To paraphrase Joyce Kilmer:

Models are made by fools like you and me

But only real integrative minds can make it gounded on reality.

---------------------------------------------------------------

PS. I got the data from Yahoo! Finance (http://finance.yahoo.com) which I think is one of the more friendler consumer-orientated finance sites on the web for all the indices from January 2000 till August 2009.

In the first model, I used OLS, for the second model I used Weighted Least Squares with the last observations weighted 10x more than the older data.

The residuals, by the way, for the first model are slightly heteroscedastic. The second one fared better. Both models, however, fail the Durbin-Watson Tests, which means they are autocorrelated at order 1. The models also fail the more general Breusch-Godfrey Test, which means there are higher AC-orders.

My suggestion: use time-series if you are really interested. ARIMA would do you good - and GARCH modeling.

It seems you are bumping up agsainst the limits of correlation. There are limits to knowing in something as dynamic the global stock market, but would a qualitative approach, followed by an experimental approach take you a step further in your quest for understanding.
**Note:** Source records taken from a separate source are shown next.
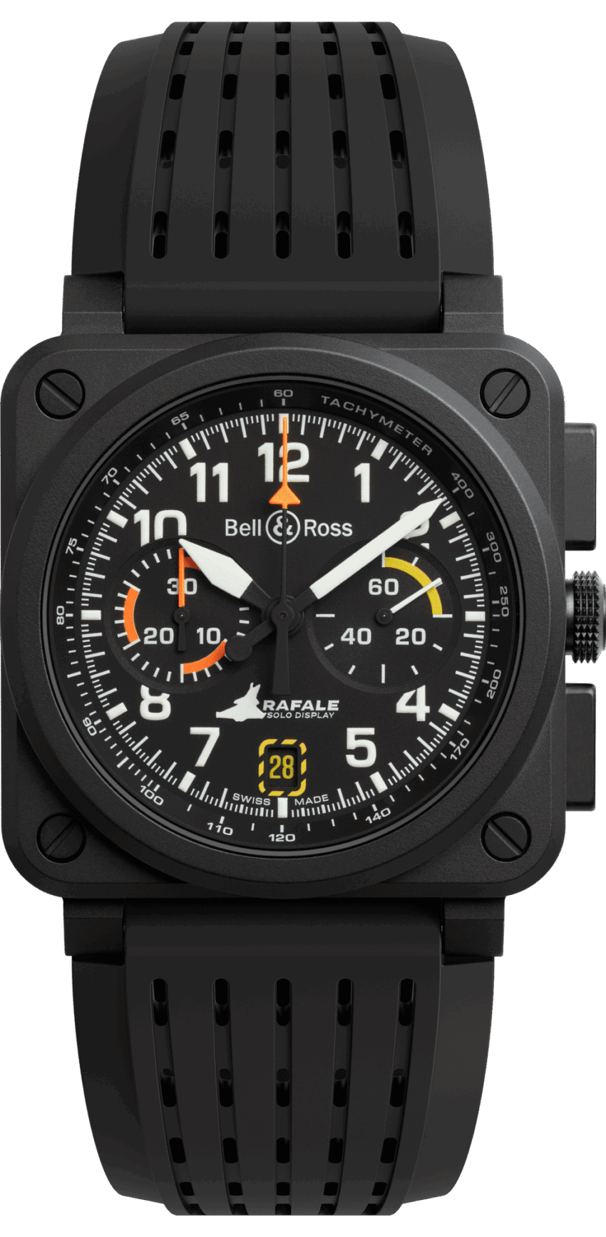 Símbolo de poder tecnológico y excelencia, la pieza se ha diseñado para los pilotos del Rafale y los apasionados de la aviación de élite. Bell & Ross Chrono Rafale Solo Display se presenta como una edición limitada de 500 piezas. Monta el calibre automático BR-CAL.301 con 42 horas de reserva de marcha. Un cronógrafo con segundero central y el contador de los 30 minutos en las 9 h. La caja de 42 mm está fabricada en cerámica negra pulida con chorro de arena.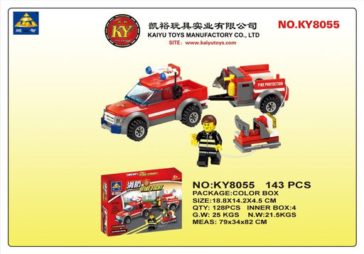 Конструктор "KAZI" 143 дет. "Пожарная машина с прицепом, компрессором и фигуркой" (8055) в коробке (р)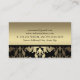 Este Cartão de visita personalizável moderno apresenta uma cor damasco preta e dourada sobre um fundo dourado. Personalize-o adicionando seus detalhes na fonte de sua escolha!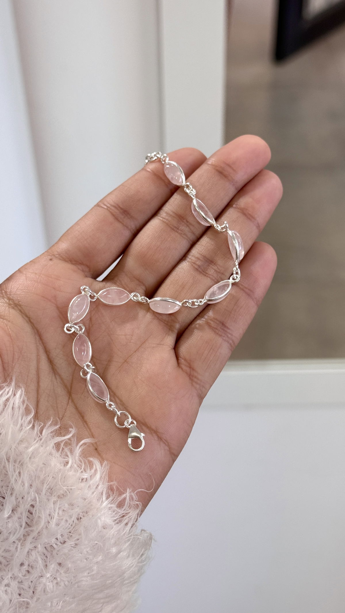 Pulsera óvalos piedra cuarzo natural plata925, 19,5cm.
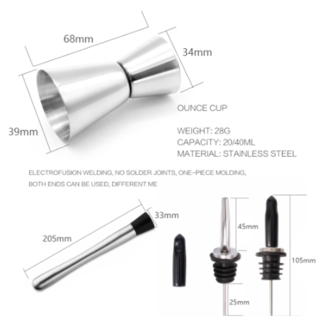 6pcs Cocktail Set Shaker Mixer Stainless Steel Drink Making Tool Kit for Home Bar Use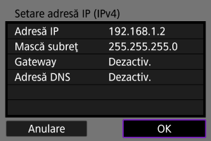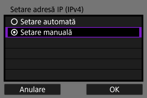 - Dacă aţi selectat [Niciuna], este afişat ecranul [Setare adresă IP (IPv4)] ().

With semantic computing progressing, it would seem that large scale qualitative study is becoming possible.

P.S. I doubt all but a few could distinguish you from a statistician. I think your sex appeal is safely secured for the time being.

Posted by: Howard | 13 August 2009 at 11:21

Indeed, I am challenging the rules of correlation. And indeed, there are limits to learning something as dynamic as the stock market. My point was more to say "hey, if I wanted to create an equation between two things, it can be done... and it may prove to be statistically significant and logical and obey rules and assumptions [the above doesn't :)]".

I would agree with you that there is a need for a qualitative-quantitative approach in understanding data. We live in a data-rich world - where data is simply available, and software that can crunch numbers are also cheaper, more widely available...

But that doesn't mean we are narrowing the gap between what is happening really.

I think there is hope in semantic computing and statistical relational learning and methods. I think the social media revolution is not just about the connections between people - but the connections between information bits. And that's where we need to evolve to.

Thanks for the comments!

Posted by: Philip Tiongson | 15 August 2009 at 02:47